The weather is known to be difficult to predict. It depends on local geography, humidity, air pressure, etc. A slight increase in humidity over one of the forest areas can completely change today's weather, which will completely change tomorrow's, etc.

What is morality?

What is right and what is wrong? Humans seem to have some kind of innate tendency to classify behavior into ethical categories. But why? What is murder? Is there a justified murder? How about theft? And why is eugenics, the theory of the survival of the fittest, and experiments in this area so disgusting? In fact, what is the essence of disgust? Ironically, although ethics is of great importance to science, it mostly exists in completely isolated.

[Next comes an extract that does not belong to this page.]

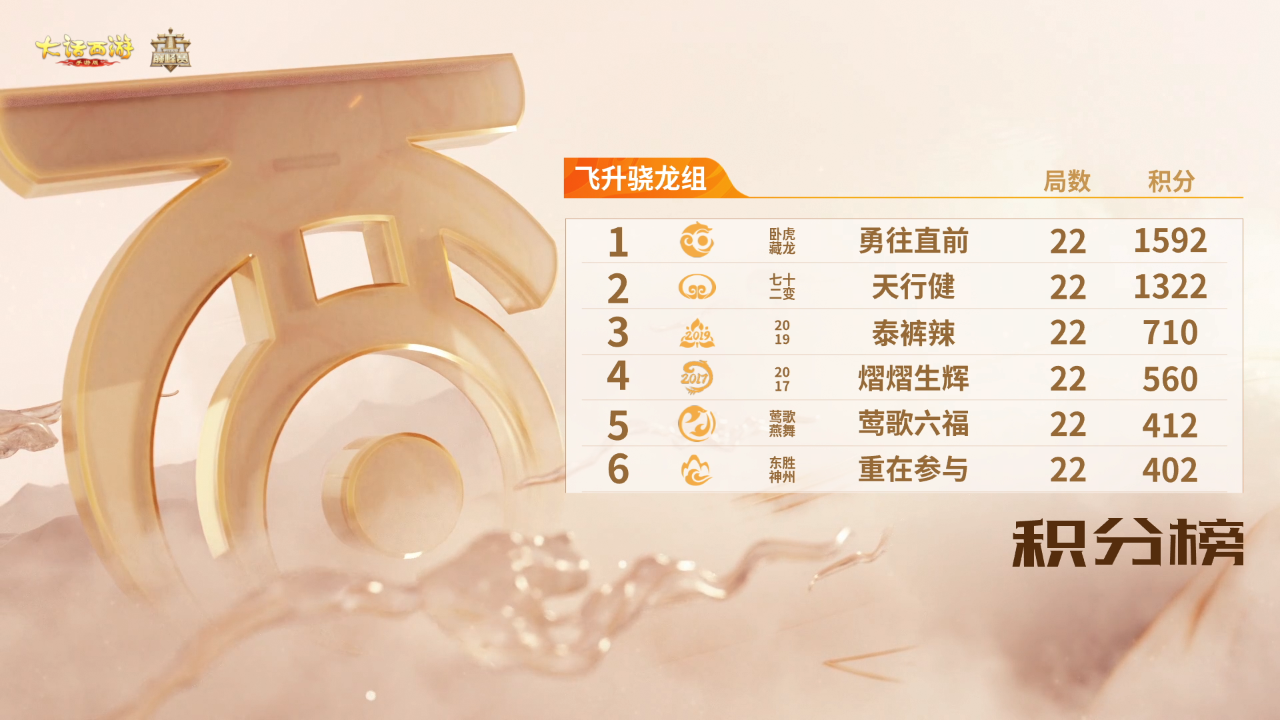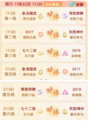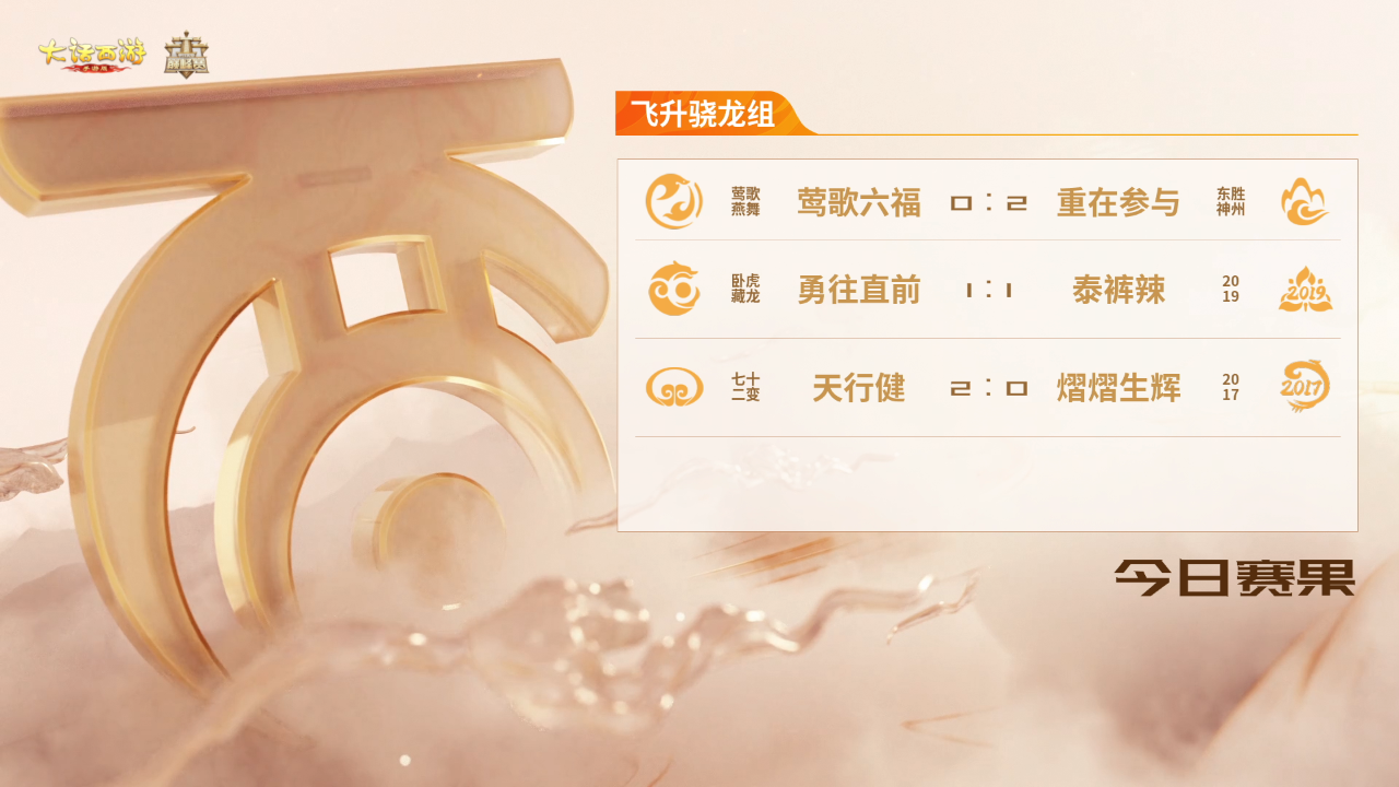 飞升骁龙组由『莺歌燕舞』服务器【莺歌六福】对阵『东胜神州』服务器【重在参与】,『卧虎藏龙』服务器【勇往直前】对阵『2019』服务器【泰裤辣】,『七十二变』服务器【天行健】对阵『2017』服务器【熠熠生辉】。

Where did the language come from?

When people are born, they seem to already have an empty form for language. It's almost as if we expected to know something in advance. Verbs, noun prepositions. Depending on the specific language, they simply fill in pre-existing structures. In fact, this proto-language even has a name - mentalization, or thought code. However, here again a curious and unresolved question arises, why?

Who are we?

Remember the brain transplant? So if we load all the information into your head and make a computer program out of it, will it still be you? Or if we completely reproduce every atom of your body ... will it be you too? Or will it just be a super twin? Like many questions on our list, this question has not received an answer, because scientists have not yet been able to find out the truth empirically.

What is death?

There is clinical death when the heart stops beating. You can still return from it. There is biological death when tissue degeneration begins. But is there a clear line between them? At what point is it too late to return? This question is closely related to the question "what is life?"

What happens after we die?

Perhaps it will come as no surprise that this question is more in the realm of philosophy and religion than science. However, this does not mean that scientists still have questions.